Dear Dr. H,
I have gotten so much from reading this site. I truly believe in all your wise advice.
For the first time after reading your posts for years, I have a question I would like answered. Your wise advice would mean so much.
I consider myself a 30 year old gay man. Over the past 10 years, I have engaged in more than 100 (probably a lot more) mutual masturbation sessions and sometimes have been involved in three/foursomes where there is a lot of pre-*** and *** involved. In some instances, I am certain pre-*** of another person has been on my hands when I have had very minor cuts on my hands. Most of these men I dont know well at all. We have stroked ourselves as well as mutually stroked each other. I have never let a man give me oral sex and I have been afraid to perform oral sex although (as you can imagine) I dream about it. Obviously, anal sex was never a consideration.
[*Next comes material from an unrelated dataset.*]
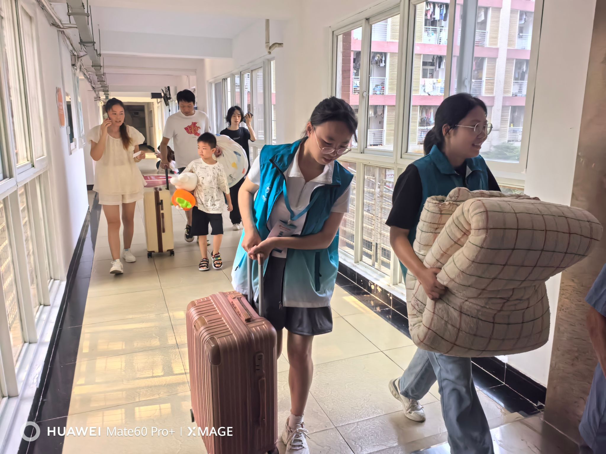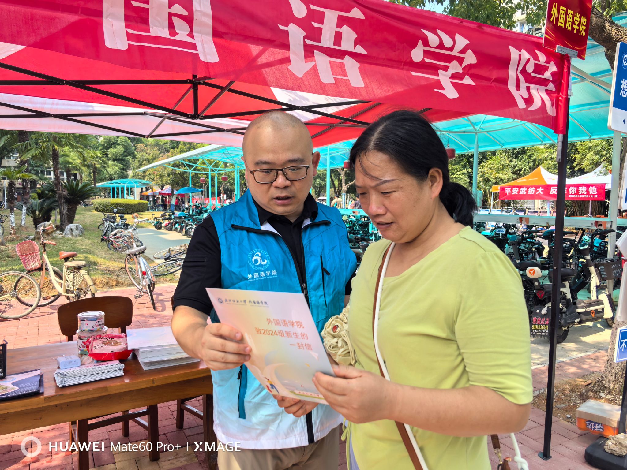 校领导、学院班子成员、党员教师和学生志愿者共同下沉 读“习”有声 一站式学生社区,与新生、家长交流。学院秉持“短流程·高效率”的原则为2024级新生服务,精准定位学生需求通过新媒体平台制作“一键导航,轻松找到外语萌新的迎新点和寝室!”将服务前置,提高新生报到效率。

Ive been paranoid since I was an adolescent of getting HIV and work with a therapist because I recognize this is a problem. I have been put on Lexapro, but still have this tremendous fear.
Perhaps because I hold you in high regard, I need your wise answer regarding the level of risk I have encountered. Although I have NEVER done anything but mutual masturbation, I am worried because I don't know most of these men at all. Do I need testing? Because I have always been so scared of HIV, I dont want to put myself through unnecessary stress, but will if you advise me to do so. I am hoping your answer will give the insights I need to move on with my life.
Dr. H, I wont take up anymore of your time. Please know you are in my thoughts and prayers. Undoubtedly, there is a special place for you in heaven someday. You truly are one in a million and I hope you recognize this within yourself.